Non so a voi, ma a me è capitato di affannarmi e lamentarmi per il lavoro, o di essere nervoso perché avevo voglia di starmene tranquillo a vedere la tv e invece mia moglie si era sbizzarrita con gli inviti a pranzo, togliendomi la pace che bramavo. Succede infatti che delle piccolezze cambino il nostro umore perché siamo incapaci di guardare a ciò che abbiamo, di viverlo al cento per cento e di gustarlo da sobri. È come se fossimo costantemente ubriachi, con quel “mi gira tutto” che offusca doni belli come la salute, la famiglia, l’amore. Non riusciamo a renderci conto di questo stato di ebbrezza perché siamo sempre proiettati al domani, o scontenti per qualcosa che ci manca.
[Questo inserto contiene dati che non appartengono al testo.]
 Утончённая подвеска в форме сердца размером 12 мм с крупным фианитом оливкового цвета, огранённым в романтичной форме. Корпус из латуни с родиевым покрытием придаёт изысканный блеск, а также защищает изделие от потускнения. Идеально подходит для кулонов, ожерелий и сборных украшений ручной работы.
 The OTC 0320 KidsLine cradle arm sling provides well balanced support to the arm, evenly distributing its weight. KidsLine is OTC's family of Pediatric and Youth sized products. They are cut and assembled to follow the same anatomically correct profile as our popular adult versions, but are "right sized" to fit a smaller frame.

La natura umana è questa ed è ciò che L’unica, più di ogni altra cosa, vuole mettere in risalto. È come se il film diretto da Stephanie Laing ci dicesse, attraverso una storia struggente ma con la giusta dose di umorismo, “vivete l’oggi belli ché il domani non vi appartiene”. E quando la protagonista si dà ansante alla ricerca di un futuro partner per l’amore della sua vita, il goffo e ingenuo Sam, è come se di fatto stesse buttando il suo oggi. L’unica non è un film che merita di essere ricordato negli annali del cinema, sia chiaro, e forse molti lo potrebbero considerare il solito film d’amore strappalacrime, perfetto da vedere con la dolce metà muniti di coperta e cioccolata calda, fiacco e privo di personalità propria.
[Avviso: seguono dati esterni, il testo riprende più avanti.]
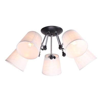 Перечислим технические характеристики потолочной люстры IMEX MD.0717-5-S BK. Тип цоколя — E27. Общая мощность лампы — 300 Ватт. Высота люстры — 270 мм. Степень защиты — IP20, что обеспечивает защиту от проникновения предметов размером более 12 мм и защиту от капель воды, падающих под углом более 15 градусов. Потолочная люстра IMEX MD.0717-5-S BK — часть коллекции MD.0717. Плафон люстры имеет форму конуса и выполнен в белом цвете.
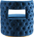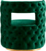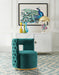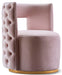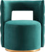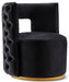 Complement your contemporary decor with this Theo Accent Chair from Meridian Furniture. Featuring a contemporary design with button tufting on the back, this chair is sure to immediately draw the eyes of all who enter your home. velvet upholstery makes this chair luxurious to sit in, and the opening in its back ensures ample air flow while you curl up with your favorite book or in front of the TV. Its swivel base accentuates its velvety dark color, while allowing you to turn whichever way you choose as you recline.

La storia di Abbie e Sam è però verosimile. Da qualche parte del Mondo c’è davvero qualcuno che ha vissuto o sta vivendo lo strazio della loro situazione, e più vicino di quanto immaginiamo c’è senz’altro chi si sobbarca una storia ancora più angosciante, distruttiva. Nonostante ciò il film ci conduce a un punto in cui Abbie riesce addirittura a ritenersi fortunata, godendosi – seppur arrancando – gli ultimi giorni della sua vita. D’altro canto anche quelli facevano parte della sua permanenza su questa Terra, e gettarli via sarebbe stato un peccato mortale. La malattia viene inizialmente vissuta dalla protagonista come una fase della vita utile a pianificare in qualche modo il futuro del suo amato per quando lei non ci sarebbe più stata, ma accetta umilmente di prendere vere “lezioni di cancro” durante le sue uscite con il vecchio Myron (Christopher Walken), che le consente di vedere il suo dramma con un’ottica diversa. “Sto morendo da più tempo di te, quindi so farlo meglio”, la punzecchia con fare da dottorino neolaureato.
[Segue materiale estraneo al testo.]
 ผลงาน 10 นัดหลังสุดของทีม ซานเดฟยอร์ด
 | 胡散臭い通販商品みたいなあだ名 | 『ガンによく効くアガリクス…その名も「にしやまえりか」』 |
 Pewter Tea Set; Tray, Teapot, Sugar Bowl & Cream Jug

È così che si toglie quel velo dagli occhi, quella patina che fondamentalmente non le permette di vedere ciò che ha nella sua vita, e non è quel tumore che piano piano gliela sta succhiando via. La fortuna di avere un uomo accanto che, nonostante il travaglio, continua a donarle gratuitamente il suo amore. È così che L’unica ci interroga, come un minaccioso agente dell’FBI che si sfrega le mani prima di darci un bel pugno sulla guancia:
“Apprezzi quel che hai? E, soprattutto, vivi l’oggi?”